In our 25 year history, my company has developed stationery packages for perhaps hundreds of clients. In the past few months, we’ve had a veritable run on them with several projects running concurrently through the studio. Writing similar proposals, evaluating scope and determining cost for a number of clients within a short period of time brought about an interesting internal discussion about the value of designing something as basic as a stationery package.
The crux of the debate centered on whether or not the same set of deliverables could logically and justifiably be priced at different levels based on differing perceived and more important for this situation, real value to the client. We all know that creative fees are ultimately worth whatever someone is willing to pay, but in this situation, we were talking about whether or not it was possible to validate pricing through consideration of both internal and external aspects involved in the project.

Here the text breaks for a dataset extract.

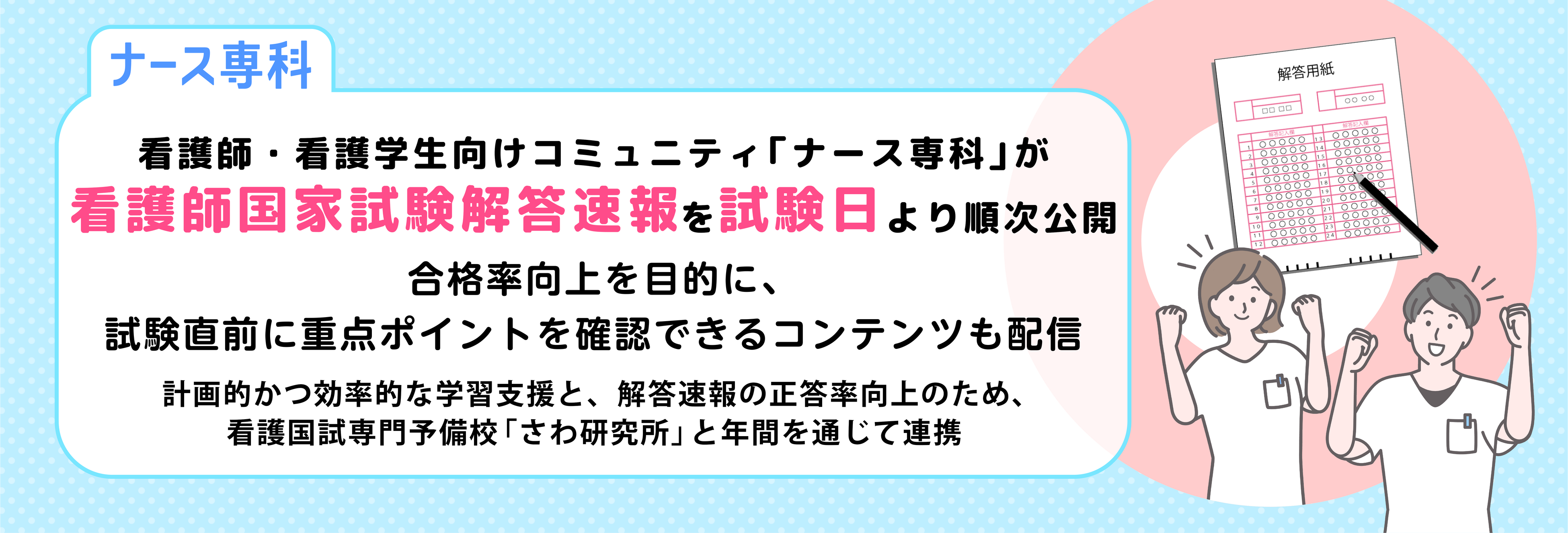 看護師・看護学生向けコミュニティ「ナース専科」が看護師国家試験解答速報を試験日より順次公開。合格率向…

Our internal discussion was inspired by two similar stationery projects for two very different clients:
Client #1 — small, startup company with a few employees and tremendous potential but no history, revenues or brand recognition of significance
Client #2 — larger, established company with multiple offices, more than a thousand employees and a long history of success within their industry resulting in substantial brand equity/awareness
The deliverables were the same: A basic stationery package consisting of first and second sheets of letterhead, envelopes, mailing labels and business cards. Production costs, including typesetting and printing, were not a part of the creative fees determination.
There were two positions presented during this discussion, each is summarized briefly below:
Position #1 — Stationery is a simple thing, how can we charge a lot for it? Virtually any designer worth their salt can do a good job and complete it quickly. Plus, there’s really only so much you can do and the quick-print shops such as Fedex Kinko’s have devalued the process (irrespective of quality) over time.

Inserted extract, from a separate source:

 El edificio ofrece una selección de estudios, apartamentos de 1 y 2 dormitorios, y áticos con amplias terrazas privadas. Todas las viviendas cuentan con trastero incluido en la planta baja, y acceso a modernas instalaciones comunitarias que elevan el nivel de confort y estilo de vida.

Position #2 — It is about more than the actual deliverables…other factors should be considered into pricing. Specifically, factors relative to the client’s situation such as heavy utilization, production requirements and brand equity are valid arguments to price a stationery package higher due to different perceived and real values.
The arguably controversial, but ultimately prevailing argument for the purpose of writing the proposal, was that the larger client would have greater brand exposure through the greater utilization of its various stationery items. When a client uses your work a hundred thousand times a year, you have likely brought greater value (perceived, real or both) to them than a client that will use it one thousand times a year.
In effect, the stakes become higher on multiple levels: more employees using more pieces of stationery result in more people receiving and interacting with pieces of stationery. Other contributing factors which endorsed or influenced justification of a higher price included the observed financial standing of the client, the estimated amount of work required to present creative and ultimately gain approval in a larger organization with potentially more decision-makers/stakeholders than a smaller company. To lesser extents, the client’s longer history and greater brand awareness also played a role in pricing.
After an “enthusiastic” discussion, it was determined that we’d test this theory by pricing the work higher for the larger client. We also took care to define the deliverables and process in our proposal in a manner slightly more comprehensive to complement the higher price. To the surprise of some in our studio, the client didn’t bat an eyelash at the price (although they did express price sensitivity for a few other projects that we were pricing at the same time). Beyond the value of design issues, we’ll also keep a close eye on the time logged to determine what kind of impact the variations in each company’s situation have on things internally as the projects progress.
In conclusion, it is our belief that this simple scenario is a microcosm of a much larger issue that all designers face on a daily basis, obtaining recognition (both strategically and financially) for the value that design plays in the success of business. Just because a kid can buy a copy of Dreamweaver and build a Web site from their parent’s garage doesn’t mean all Web sites should be done for peanuts. Similarly, just because Office Depot, Fedex Kinko’s and other, similar quick-turn companies offer stationery at extremely low cost, doesn’t mean that designers should reduce their fees. It is up to the creative community to stand their ground and educate and/or reinforce the value that design and creativity brings to the table. The most successful justifications will provide thoughtful reinforcement of both the real and perceived values offered by working with a dedicated design firm or professional.
Anyway… that’s our recent story. Care to weigh in with your thoughts and experiences?
Ben Friedman is a partner at Iconologic, a 25 year old branding company located in Midtown Atlanta.
I've never been a huge fan of 'value-added' pricing for design. If you are having a difficult time justifying charging more for the same amount of work for larger clients internally, then I'll wager that the clients would have a hard time with it as well if they knew of the discrepancy. Is it more profitable for the design firm/agency? Yes, in the short term. But for small firms (like ours), I've found a standard hourly rate for our services to be a better path to a long term relationship.